Илл. 13. А. Тышлер. Директор погоды. 1926. Холст, масло. Собр. Ф. Я. Сыркиной. Москва.

Впрочем, оксюморон в его логическом эквиваленте, то есть как парадокс, составляет одно из фундаментальных свойств поэтики модернизма – им окрашено все уходящее столетие. Яркий, хотя и слишком на поверхности лежащий пример – пространственные парадоксы в графике Эшера. Более сложную художественную материю, и, следовательно, более интересную для рассмотрения, представляют парадоксы скульптуры Константина Бранкузи. Формально-композиционная и смысловая структура произведений Бранкузи изобилует многочисленными примерами антиномий. Позволим себе остановиться только на трех из них.

Парадокс № 1 можно отнести к тропам по сходству (компаративный вид), типа метафоры. Он состоит в транспозиции кода скульптуры как визуального вида искусства. Примером может служить созданная Бранкузи в 1920 году скульптура для слепых – мешок с яйцевидным мраморным объектом внутри, предназначенным для ощупывания [илл. 14]. Эта авангардная идея отсылает к архаической традиции, связанной с сакральной идентификацией человеческого тела (×=руки) и ритуального объекта. Смена типа перцепции ведет к взаимному наложению членов оппозиции видимое/невидимое и тем самым размещает смысл пластического сообщения в зоне парадокса.

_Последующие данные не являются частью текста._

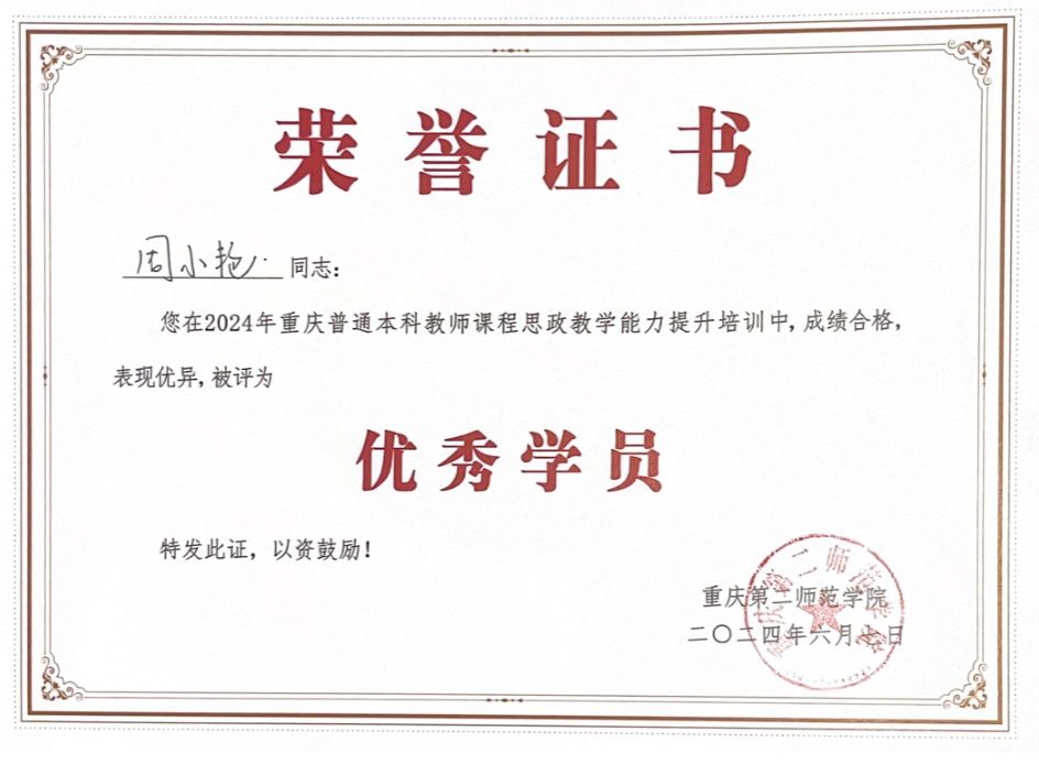 本次培训涵盖了专家讲座、导师工作坊、教师赛课等形式,旨在提升教师在课程思政教学中的理论水平和实践能力。培训过程中,我校教师表现凸出,积极参与讨论交流,同与会专家、导师、学员,共同学习和探索了课程思政教学的新理念、新方法、新路径等。其中周小艳教师获得了“优秀学员”称号。

Другой парадокс Бранкузи разворачивает значение противопоставления видимое/невидимое в аспекте парности на уровне иконографии, то есть изобразительной семантики. Одна из центральных в его искусстве тем – противопоставленность света и тьмы, и она соотнесена с упомянутой оппозицией видимое/невидимое. Бранкузи следует представлениям архаической традиции, согласно которой свет эквивалентен глазу[23]. Тема зрения очень значима для мастера: в абстрактных и полуабстрактных женских портретах акцентируются глаза. Мотив парности у Бранкузи, восходящий к архаическому близнечному культу и к Платону, маркирует эротическую тему его творчества (например, серии «Поцелуй», «Пингвины»)[24]. Бинарность как общий принцип отнесен и к мотивам зрения. Однако особенно ярко принцип парности проявляется в тех случаях, где возникает отступление от него: так возникает тема одноглазия («Спящая Муза», 1910) [илл. 15]. Одноглазие эквивалентно у Бранкузи сверхглазу, каковым в мифопоэтической традиции, на которую ориентирован скульптор, выступает верховный глаз – Солнце. По признаку солнца-света мотив отсутствующего члена как усеченной парности тесно связан у Бранкузи с утопической идеей, иконографически представленной в серии «Пингвины»[25], и воплотился в иконографии серии «Колонна». Двойственность эротико-утопической программы мастера, проявившейся в принципе усеченной парности, в терминах фигур речи выступает как эллипсис – маркированное опускание некоторых элементов в нормативной конструкции фразы (в данном случае – органически естественной или привычной в рамках иконографии мастера парности).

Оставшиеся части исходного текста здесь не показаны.